The Elephant in the Data Room, Why India’s Fragmented Information System Is Costing Billions

As another session of Parliament has ended, a familiar pattern was visible on the floor of the House. Members of Parliament who rose to ask questions were performing one of Parliament’s most important accountability functions. Yet, a large share of these questions followed a predictable format, such as asking how many schools have functional toilets, how many pensions were disbursed in a given year, or how many beneficiaries received a particular scheme. While these questions address important public concerns, the information they seek should ideally already exist in the public domain in a clear, standardised, and easily accessible format.

An analysis of the parliamentary questions asked during the 17th Lok Sabha (2019-24) on youth employment found that a large share sought such basic facts. This reflects a far deeper reality: India’s data system is fragmented and lacks interoperability. The elephant in the room, rarely acknowledged in such debates, is data standardisation, without which even the most ambitious policy visions risk being built on shifting sands. This article examines the anatomy of India’s data fragmentation problem, its fiscal and economic costs, its impact on policy-making and global rankings, and the reforms needed to make India’s data fit for purpose.


Part I: The Anatomy of the Problem – Incoherence and Inconsistency

In the National Data and Analytics Platform vision document released by NITI Aayog, it was observed that India’s data ecosystem remains incoherent, with ministries and government departments failing to use shared standards for common indicators and even defining basic attributes such as time period and region inconsistently. India today generates more data than ever before, yet abundance does not equate to usability. Data collected by individual ministries for their own programmes often cannot be integrated seamlessly, making consolidation a laborious and error-prone task.
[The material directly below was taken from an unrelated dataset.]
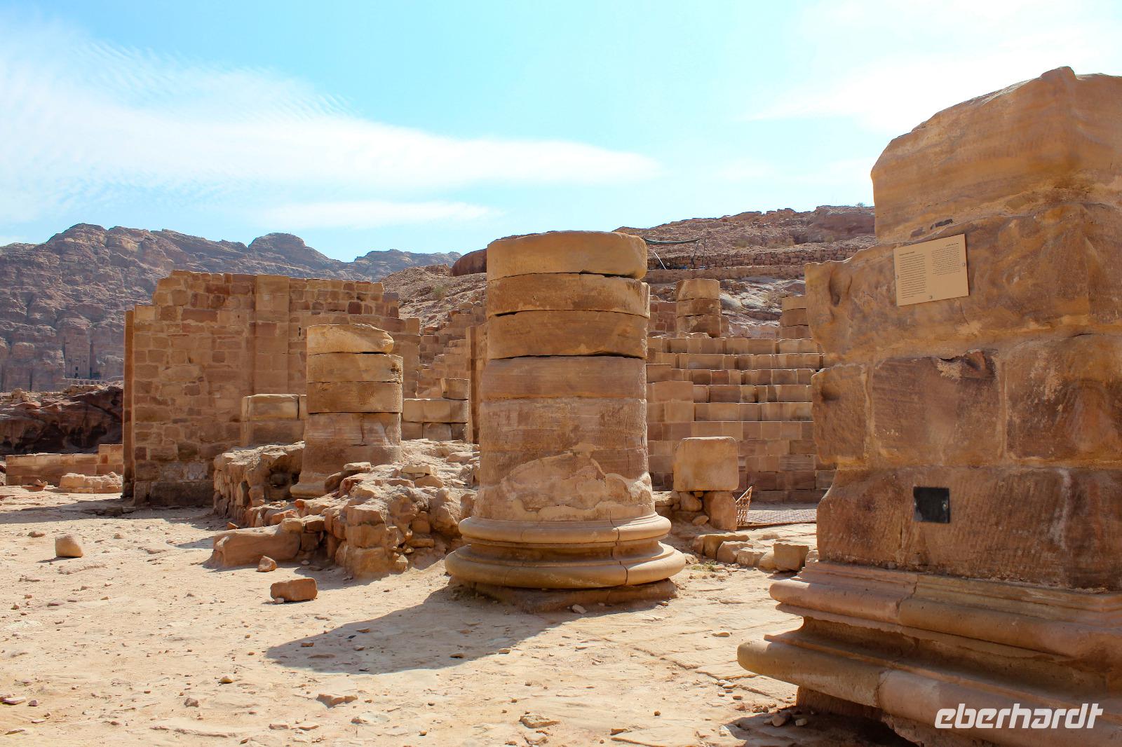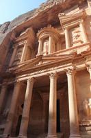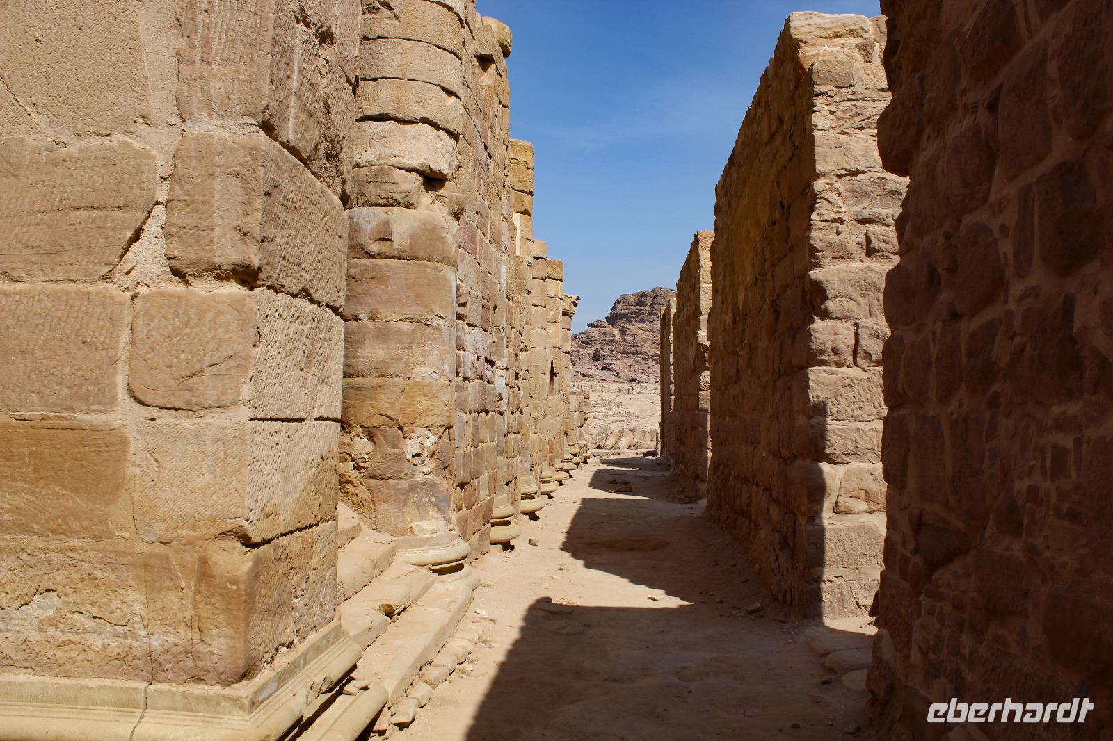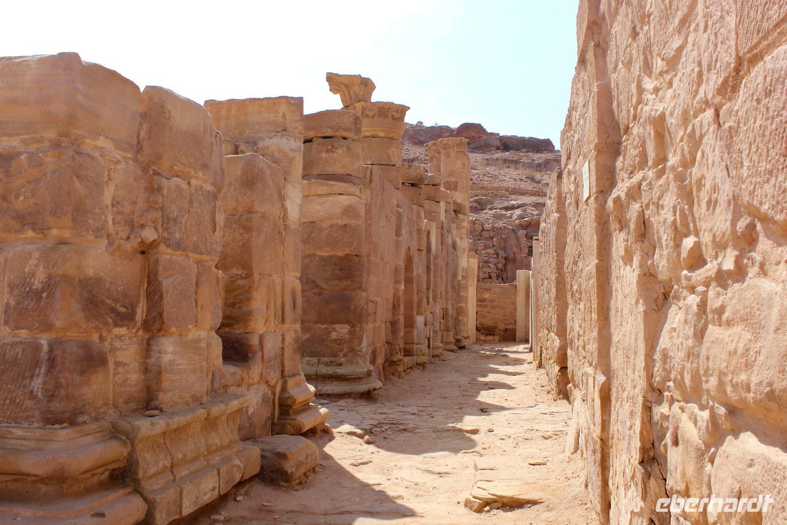 Nach unserer langen Fahrt am Tag zuvor steht heute alles im Zeichen des Weltwunders Petra. Unser Hotel liegt direkt am Eingang zur berühmten Felsenstadt und so können wir ohne Probleme los laufen. Vor uns tut sich der gewaltige Siq auf, welcher je nach Tageszeit anders aussieht. Immer wieder werden wir von den gewaltigen Pferdekutschen überholt. Nach ca 2 km erblicken wir auch schon das Schatzhaus. Hier sammeln sich viele Menschen um Fotos zu schießen, Souvenirs zu kaufen und auf Kamelen zu reiten. Mit Mahmoud machen wir uns auf den Weg um weitere Teile der unerschöpflichen Felsenstadt zu erkunden. Einst wohnten hier bis zu 30.000 Menschen. Vorbei an etlichen Ausgrabungstätten und wunderschönen Mosaiken erfahren wir viel Wissenswertes über die Landschaft welche sich vor unseren Augen auftut. Bevor wir Petra fürs erste wieder verlassen betrachten wir die Königswand noch einmal genau: Urnengrab, Seidengrab, Korinthisches Grab und Palastgrab bieten einen tollen Anblick. Am Abend sehen wir uns „Petra bei Nacht" an. Sowohl der Siq als auch der Platz vor dem Schatzhaus sind mit Kerzen hell erleuchtet. Wir nehmen auf den Bänken ganz an der Seite Platz und warten bis alle sich versammelt und niedergelassen haben. Auf typischen Instrumenten spielt ein Beduine für uns verschiedene Lieder. Dazu gibt es noch einen heißen Becher Tee. Im Anschluss finden alle den Weg zurück zum Hotel und nach einem sehr spannenden Tag können wir in unsere Betten fallen.

The problem is not that data does not exist. The problem is that data exists in silos, in different formats, using different definitions, covering different time periods, and lacking common identifiers that would allow them to be linked. A beneficiary’s name in one database may be spelled differently in another. A district’s boundary may be defined differently by different ministries. A time period labelled “2024-25” may mean April-March for one ministry and January-December for another.

This fragmentation is not a technical nuisance; it is a governance failure with real consequences.


Part II: The Fiscal Cost – Billions Lost to Duplication and Leakage

According to a NITI Aayog report released in June 2025, welfare programme databases often list the same beneficiary multiple times, leading to fiscal leakages that inflate spending by 4 per cent to 7 per cent annually. This is not a small inefficiency. It is a drain on the exchequer that could otherwise fund schools, hospitals, roads, or tax cuts.

Recent government data clean-ups highlight the potential savings from addressing such inefficiencies:

  • Pradhan Mantri Kisan Samman Nidhi (PM-KISAN) scheme: Deleting 17.1 million ineligible names from the scheme was expected to save ₹90 billion in FY2024. This is money that was being sent to people who should not have been on the rolls.

  • LPG connections: Removing 35 million bogus LPG connections could save ₹210 billion over two years. These connections were either duplicate, inactive, or held by ineligible households.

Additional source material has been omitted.